Environment: Hadoop YARN, Spark-Core, Spark-Streaming, Spark-SQL, Python, Kafka, Hive, Sqoop, Amazon AWS, Elastic Search, Impala, Cassandra, Tableau, Informatica, Cloudera, Oracle 10g, Linux.
Confidential
Hadoop Developer
Responsibilities:
- Used Flume as a data pipeline system to ingest the unstructured events from various web servers to HDFS.
- We altered the unstructured events from web servers on the fly using various flume interceptors.
- Wrote various spark transformations using Python to perform data cleansing, validation and summarization activities on user behavioral data.
- Parsed the unstructured data into semi-structured format by writing complex algorithms in spark using Python.
- Developed generic parser to transform any format of unstructured data into a consisted data model.
- Configured Flume using Python with the Spark Streaming to transfer the data into HDFS at regular intervals of time from web servers to process the data.
- Implemented the persistence of frequently used transformed data from data frames for faster processing.
- Build hive tables on the transformed data and used different SERDE’s to store the data in HDFS in different formats.
- Loaded the transformed Data into the hive tables and perform some analysis based on the requirements.
- Implemented portioning on the Hive data to increase the performance of the processing of data.
- Analyzed the data by performing Hive queries (Hive QL) to study customer behavior.
- Created Pig Latin scripts to sort, group, join and filter to transform the data.
- Worked on various performance optimizations like using distributed cache for small datasets, Partitioning, Bucketing in Hive and Map Side joins.

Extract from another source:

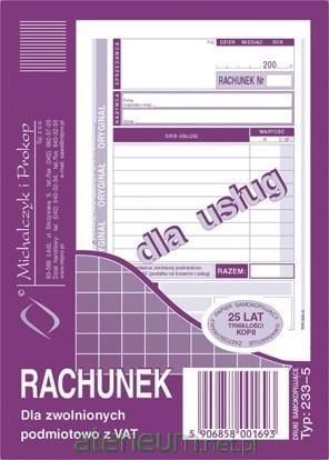 Rachunek dla zwolnionych podmiotowo z VAT 233-3

- Exported the analyzed data to the relational databases using Sqoop, to further visualize and generate reports for the BI team.
- Implemented custom workflow to automate the jobs on daily basis.
- Created custom workflows to automate Sqoop jobs weekly and monthly.
Environment: HDFS, Python, Hive, Sqoop, Flume, Spark, MapReduce, Oracle 11g, YARN, UNIX Shell Scripting, Agile Methodology, Cloudera.
Confidential
Python Developer
Responsibilities:
- Worked with Open stack Command-line client.
- Created backend database T-SQL stored procedures and Jasper Reports.
- Created a Git repository and added the project to GitHub.
- Used Python modules such as requests, urllib, urllib2 for web crawling.
- Used other packages such as Beautiful soup for data parsing. Worked on writing and as well as read data from csv and excel file formats.
- Worked on resulting reports of the application and Tableau reports.
- Performed QA testing on the application.
- Held meetings with client and worked all alone for the entire project with limited help from the client.
- Utilize PyUnit, the Python unit test framework, for all Python applications.
- Exported/Imported data between different data sources using SQL Server Management Studio.
- Designed and developed the UI of the website using HTML, XHTML, AJAX, CSS and JavaScript.
- Developed views and templates with Python and Django's view controller and templating language to create a user-friendly website interface.
- Working with Database procedures, Triggers, PL/SQL statements for data retrievingand also for migration purpose.
Environment: Python 2.7/3.0, PL/SQL C++, Redshift, XML, Agile (SCRUM), PyUnit, MYSQL, Apache, CSS, MySQL, DHTML, HTML, JavaScript, Shell Scripts, Git, Linux, Unix and Windows.